DIRECTIONS:
Reproduce every record below exactly, with the pictures left out.

ENTRIES SUPPLIED:

↓↓↓

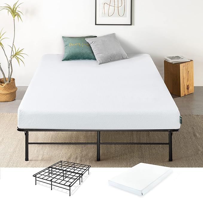 ZINUS 6 Inch Green Tea Cooling Gel Memory Foam Mattress and Super Heavy Duty SmartBase Metal Mattress Foundation Set / Bed and Mattress Set / No Box Spring Needed / Mattress in a Box, Twin
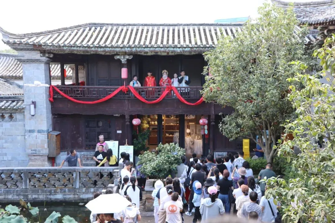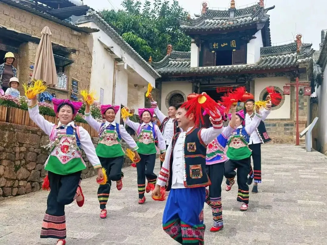 在景区开展非遗彝族烟盒舞、大头娃娃、车灯等建水本土民俗文化表演,让游客参与互动,一起欢歌载舞,感受浓浓的民族风情和民俗文化。
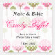 Whimsical Tree Candy Bar Sticker. Ideal für Candy-Büffets oder Kuchen-Tische bei Hochzeiten, Geburtstagspartys, Baby-Duschen, Kommunion, Bestätigungen und vieles mehr! Der Hintergrund ist mit rosa und grünen Dotty-Bäumen geschmückt.
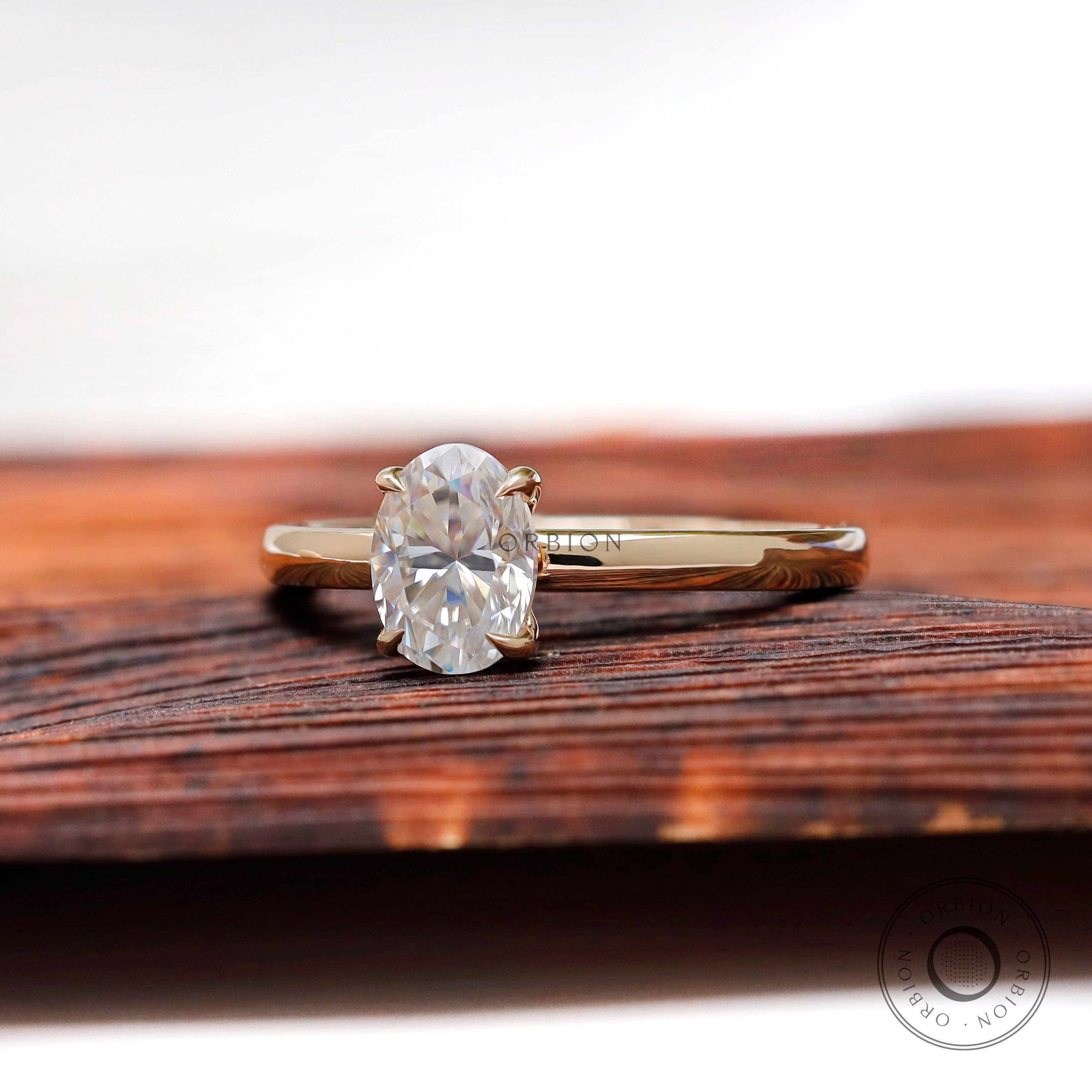 Oval Moissanite Engagement Ring in Yellow Gold Simple Rings For Women Promise Ring Oval 4 Prong Ring Dainty Oval Martini Setting Ring
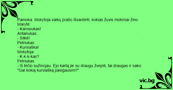 - Iš tėčio sužinojau. Ėjo kartą jie su draugu žvejoti, tai draugas ir sako:
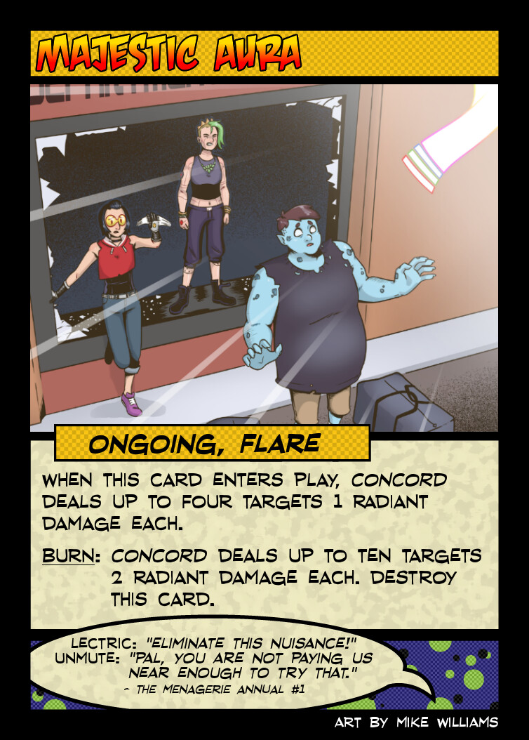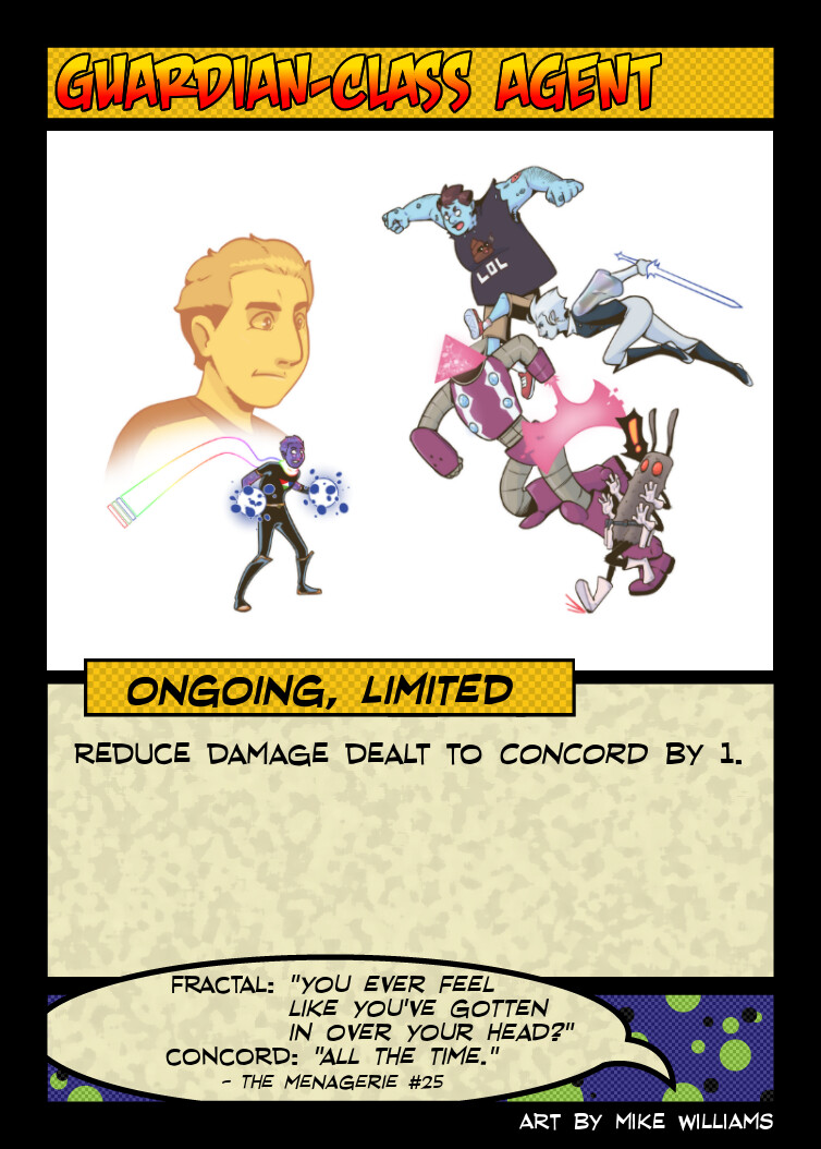 This was the last piece I did for the deck and is the only one where Concord isn’t front and center in the art. Really wanted to highlight the concept that Concord has shown off enough power throughout the series that some of the C-tier baddies are going to react to him showing up as “ah crap” instead of “get him!”
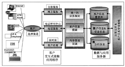 2.統(tǒng)一的客戶分析和服務(wù)管理平臺:銀行的目標是在所有同客戶接觸的渠道上(包括電話、網(wǎng)絡(luò)等),都建立起統(tǒng)一的客戶服務(wù)手段,客戶可以按照自己喜好的方式,同銀行接觸,來實現(xiàn)對不同的銀行業(yè)務(wù)的處理要求。如何科學地分析和預(yù)測客戶的行為,如何統(tǒng)一地協(xié)調(diào)管理多個客戶服務(wù)渠道,保證對客戶的一致性承諾,是銀行發(fā)展客戶關(guān)系管理所必須考慮的第二個問題。因此,銀行必須具有統(tǒng)一的客戶分析和服務(wù)管理工具,從而真正發(fā)揮銀行客戶關(guān)系管理的優(yōu)勢。
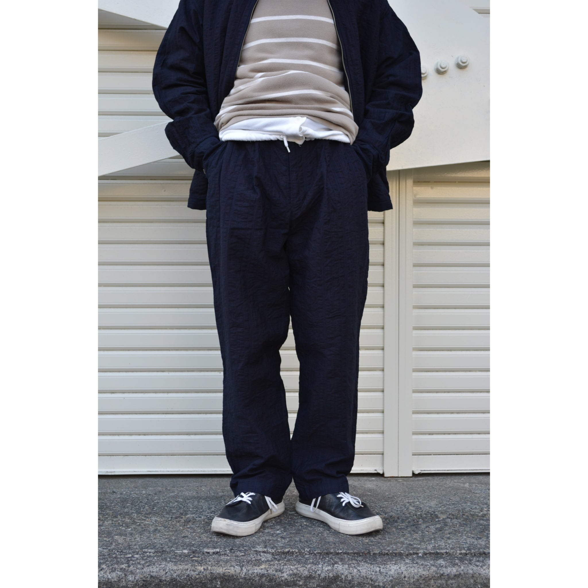 70年代のビンテージファブリックを再現したオリジナルストライプジャガード生地を使用したワンタックワークトラウザーズ。
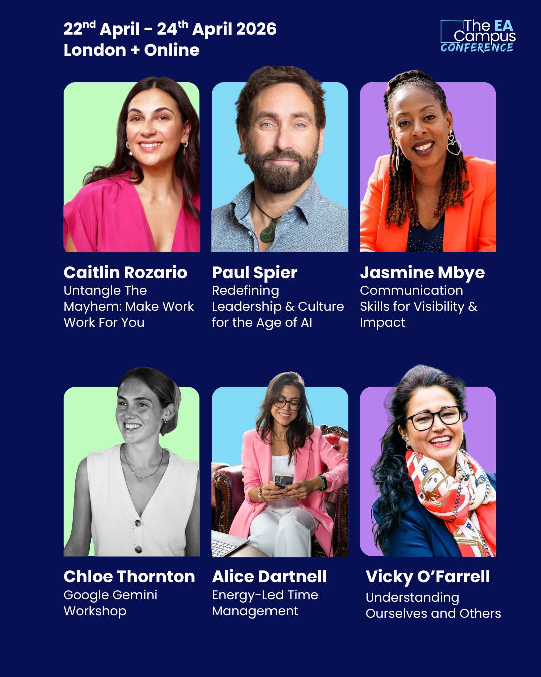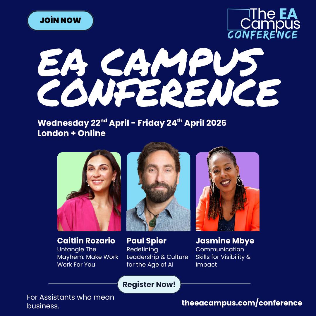 The EA Campus Conference is back! This is world-class learning built exclusively for Executive Assistants, designed to celebrate the profession, elevate your skills, and equip you for the challenges shaping the modern workplace. Whether you join us in London or tune in online, you’ll leave with new skills, renewed confidence, and a network that lasts long after the event ends.
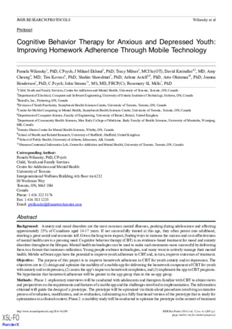 Background: Anxiety and mood disorders are the most common mental illnesses, peaking during adolescence and affecting approximately 25% of Canadians aged 14-17 years. If not successfully treated at this age, they often persist into adulthood, exerting a great social and economic toll. Given the long-term impact, finding ways to increase the success and cost-effectiveness of mental health care is a pressing need. Cognitive behavior therapy (CBT) is an evidence-based treatment for mood and anxiety disorders throughout the lifespan. Mental health technologies can be used to make such treatments more successful by delivering them in a format that increases utilization. Young people embrace technologies, and many want to actively manage their mental health. Mobile software apps have the potential to improve youth adherence to CBT and, in turn, improve outcomes of treatment. Objective: The purpose of this project is to improve homework adherence in CBT for youth anxiety and/or depression. The objectives are to (1) design and optimize the usability of a mobile app for delivering the homework component of CBT for youth with anxiety and/or depression, (2) assess the app’s impact on homework completion, and (3) implement the app in CBT programs. We hypothesize that homework adherence will be greater in the app group than in the no-app group. Methods: Phase 1: exploratory interviews will be conducted with adolescents and therapists familiar with CBT to obtain views and perspectives on the requirements and features of a usable app and the challenges involved in implementation. The information obtained will guide the design of a prototype. The prototype will be optimized via think-aloud procedures involving an iterative process of evaluation, modification, and re-evaluation, culminating in a fully functional version of the prototype that is ready for optimization in a clinical context. Phase 2: a usability study will be conducted to optimize the prototype in the context of treatmentat clinics that provide CBT treatment for youth with anxiety and/or depression. This phase will result in a usable app that is ready to be tested for its effectiveness in increasing homework adherence. Phase 3: a pragmatic clinical trial will be conducted at several clinics to evaluate the impact of the app on homework adherence. Participants in the app group are expected to show greater homework completion than those in the no-app group. Results: Phase 3 will be completed by September 2019. Conclusions: The app will be a unique adjunct to treatment for adolescents in CBT, focusing on both anxiety and depression, developed in partnership with end users at every stage from design to implementation, customizable for different cognitive profiles, and designed with depression symptom tracking measures for youth made interoperable with electronic medical records.

↑↑↑

TASK OUTPUT:
 ZINUS 6 Inch Green Tea Cooling Gel Memory Foam Mattress and Super Heavy Duty SmartBase Metal Mattress Foundation Set / Bed and Mattress Set / No Box Spring Needed / Mattress in a Box, Twin
 在景区开展非遗彝族烟盒舞、大头娃娃、车灯等建水本土民俗文化表演,让游客参与互动,一起欢歌载舞,感受浓浓的民族风情和民俗文化。
 Whimsical Tree Candy Bar Sticker. Ideal für Candy-Büffets oder Kuchen-Tische bei Hochzeiten, Geburtstagspartys, Baby-Duschen, Kommunion, Bestätigungen und vieles mehr! Der Hintergrund ist mit rosa und grünen Dotty-Bäumen geschmückt.
 Oval Moissanite Engagement Ring in Yellow Gold Simple Rings For Women Promise Ring Oval 4 Prong Ring Dainty Oval Martini Setting Ring
 - Iš tėčio sužinojau. Ėjo kartą jie su draugu žvejoti, tai draugas ir sako:
 This was the last piece I did for the deck and is the only one where Concord isn’t front and center in the art. Really wanted to highlight the concept that Concord has shown off enough power throughout the series that some of the C-tier baddies are going to react to him showing up as “ah crap” instead of “get him!”
 2.統(tǒng)一的客戶分析和服務(wù)管理平臺:銀行的目標是在所有同客戶接觸的渠道上(包括電話、網(wǎng)絡(luò)等),都建立起統(tǒng)一的客戶服務(wù)手段,客戶可以按照自己喜好的方式,同銀行接觸,來實現(xiàn)對不同的銀行業(yè)務(wù)的處理要求。如何科學地分析和預(yù)測客戶的行為,如何統(tǒng)一地協(xié)調(diào)管理多個客戶服務(wù)渠道,保證對客戶的一致性承諾,是銀行發(fā)展客戶關(guān)系管理所必須考慮的第二個問題。因此,銀行必須具有統(tǒng)一的客戶分析和服務(wù)管理工具,從而真正發(fā)揮銀行客戶關(guān)系管理的優(yōu)勢。
 70年代のビンテージファブリックを再現したオリジナルストライプジャガード生地を使用したワンタックワークトラウザーズ。
 The EA Campus Conference is back! This is world-class learning built exclusively for Executive Assistants, designed to celebrate the profession, elevate your skills, and equip you for the challenges shaping the modern workplace. Whether you join us in London or tune in online, you’ll leave with new skills, renewed confidence, and a network that lasts long after the event ends.
 Background: Anxiety and mood disorders are the most common mental illnesses, peaking during adolescence and affecting approximately 25% of Canadians aged 14-17 years. If not successfully treated at this age, they often persist into adulthood, exerting a great social and economic toll. Given the long-term impact, finding ways to increase the success and cost-effectiveness of mental health care is a pressing need. Cognitive behavior therapy (CBT) is an evidence-based treatment for mood and anxiety disorders throughout the lifespan. Mental health technologies can be used to make such treatments more successful by delivering them in a format that increases utilization. Young people embrace technologies, and many want to actively manage their mental health. Mobile software apps have the potential to improve youth adherence to CBT and, in turn, improve outcomes of treatment. Objective: The purpose of this project is to improve homework adherence in CBT for youth anxiety and/or depression. The objectives are to (1) design and optimize the usability of a mobile app for delivering the homework component of CBT for youth with anxiety and/or depression, (2) assess the app’s impact on homework completion, and (3) implement the app in CBT programs. We hypothesize that homework adherence will be greater in the app group than in the no-app group. Methods: Phase 1: exploratory interviews will be conducted with adolescents and therapists familiar with CBT to obtain views and perspectives on the requirements and features of a usable app and the challenges involved in implementation. The information obtained will guide the design of a prototype. The prototype will be optimized via think-aloud procedures involving an iterative process of evaluation, modification, and re-evaluation, culminating in a fully functional version of the prototype that is ready for optimization in a clinical context. Phase 2: a usability study will be conducted to optimize the prototype in the context of treatmentat clinics that provide CBT treatment for youth with anxiety and/or depression. This phase will result in a usable app that is ready to be tested for its effectiveness in increasing homework adherence. Phase 3: a pragmatic clinical trial will be conducted at several clinics to evaluate the impact of the app on homework adherence. Participants in the app group are expected to show greater homework completion than those in the no-app group. Results: Phase 3 will be completed by September 2019. Conclusions: The app will be a unique adjunct to treatment for adolescents in CBT, focusing on both anxiety and depression, developed in partnership with end users at every stage from design to implementation, customizable for different cognitive profiles, and designed with depression symptom tracking measures for youth made interoperable with electronic medical records.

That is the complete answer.